Grilli does, however, suggest one useful application for private LTE. “One of the things we’re looking at is tunnels; quite a lot of electricity cables in urban areas now run in tunnels. And having your own private LTE means you can run it in tunnels where you will never get a public LTE service.”

There will probably always be a choice of technologies, which is why Norfield says “the key today is unified communications; it’s about unified costs. In the future the end user will have just one device. I believe as we move forward over the next 20 years we will still employ different technologies, but we will make them seamless through unified communications developments.”

Tait already offers something along these lines: the vehicle area network, a way to connect different technologies into different communications networks using a vehicle (which is big enough to house the technology required) as a hub. For example starting with a commercial 3G or 4G modem and SIM card from your preferred carrier and via, say, Wi-Fi or Bluetooth connecting to the DMR Tier III network or public LTE using a single device and interface.

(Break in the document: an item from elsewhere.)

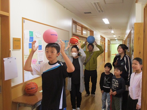 「頭にボールを乗せて5歩歩く」・・・む、むずかしいっ!!
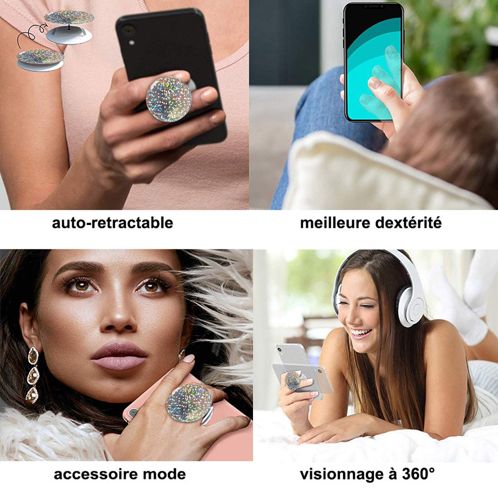 Ces poignées de téléphone brevetées stabilisent votre téléphone pendant les prises maladroites et garantissent une prise sûre sur n'importe quel appareil sans crainte de la chute redoutée ou d'un écran fissuré.

“A lot of places utilities operate in don’t have cellular coverage,” says Bishop. “The time it takes to restore the grid could be costing a utility tens of thousands per minute. That can be significantly reduced by the utility worker signalling through a workforce management application that the job is complete earlier, when they have, for example, radio coverage or DMR Tier III coverage but don’t have coverage from the cellular systems.”

The future for DMR Tier III, in UK utilities at least, could be bright – not just for voice, but for data and IoT applications. It’s very early days right now: analogue isn’t going away soon, end users are used to their smartphones and tablets, and 3G or 4G can outperform DMR when it comes to broadband.

Even GPRS and CDMA have still got adherents and 3GPP is trying to standardise narrowband IoT, which will work in GSM and LTE spectrum. Meanwhile SigFox, LoRa, Nuel, Weightless and others are picking up business in the IoT arena. But the relevance of a standardised, low band, resilient and private system with potentially vast coverage that can combine voice and telemetry should not be underestimated.